What to bring and what to wear on your trip to Turkey:
Turkish Dress Code
You can pretty much wear what you want in Turkey, but what you wear determines first impressions of how you are received. I recommend that you bring comfortable, tidy informal clothing and well-broken-in shoes.
In the City
In Turkish cities, shorts and T-shirts in summer are the Mark of the Tourist. Well, you are a tourist, right? No problem wearing shorts for comfort, except when you visit mosques. As for Turks, most of them will be wearing “smart casual” clothes: sleeved summer dresses or sleeved top and skirt for women, short-sleeved shirt and long trousers for men. Footwear can be shoes or sandals.
For visiting mosques, dress neatly as you would to visit a church (no shorts or sleeveless tops, and wear socks to walk on the carpets). For more on this, see Mosque Etiquette and What Women Should Wear in Turkey.
Dress at dinner is generally “smart casual,” (tidy informal clothes) though you may want a dress or jacket in the fancier hotels and restaurants.
At the Beach
At the beach, anything goes. At Turkish beaches, some foreign female visitors remove their bikini tops while lying in the sun, but put them on again to walk around or enter the water. Shorts, T-shirts and flipflops or bare feet are normal wear for both Turks and foreigners.
As at the beach, anything goes on yacht cruises. Shorts, T-shirts, sleeveless tops, bikinis, Speedos…. Bring sunblock, a hat, soft-soled shoes or flipflops for deck wear, and your own beach towels for swimming and sunbathing. Note that storage aboard most Turquoise Coastyachts is limited, so bring soft luggage that can be folded and stowed after you’ve unpacked. More…
Packing for Weather
In spring (April–May) and autumn (October–November) you may encounter rain, and the air may be cool or even chilly at night, but comfortable during the day; bring a warm jacket or a sweater and windbreaker. In Northeastern and Eastern Turkey, prepare for near-winter conditions. In Southeastern Turkey there will be little rain, and warm weather, so pack as for a mild summer.

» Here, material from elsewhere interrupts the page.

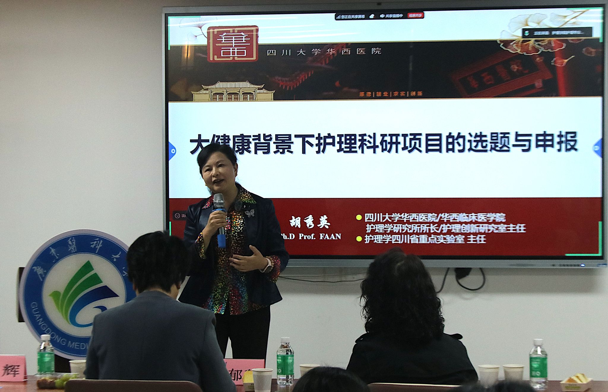 随后,四川大学华西护理创新研究中心主任胡秀英教授以“大健康背景下护理科研项目的选题与申报”为题,深入阐述了在国家大健康战略指引下,护理科研的选题方向与价值内涵,强调了选题的创新性、前沿性及其社会意义,为师生拓宽科研视野提供了战略性指导。

In summer (June–September) wear cool cotton clothing, a hat, and sunblock lotion, but have a light sweater for cool evenings. Rain won’t be a big problem, although you may encounter it along the Black Sea coast and in the East. In the Southeast, be prepare for hot, hot weather.
In winter (December–March) you’ll need warm woolen clothing and rain gear, even though many days will be sunny. In general, weather is warmer along the seacoasts and in the Mediterranean coast and Southeast, cooler at higher elevations.
For current Turkish weather, look at the Turkish Meterological Service 5-day Forecast (in English).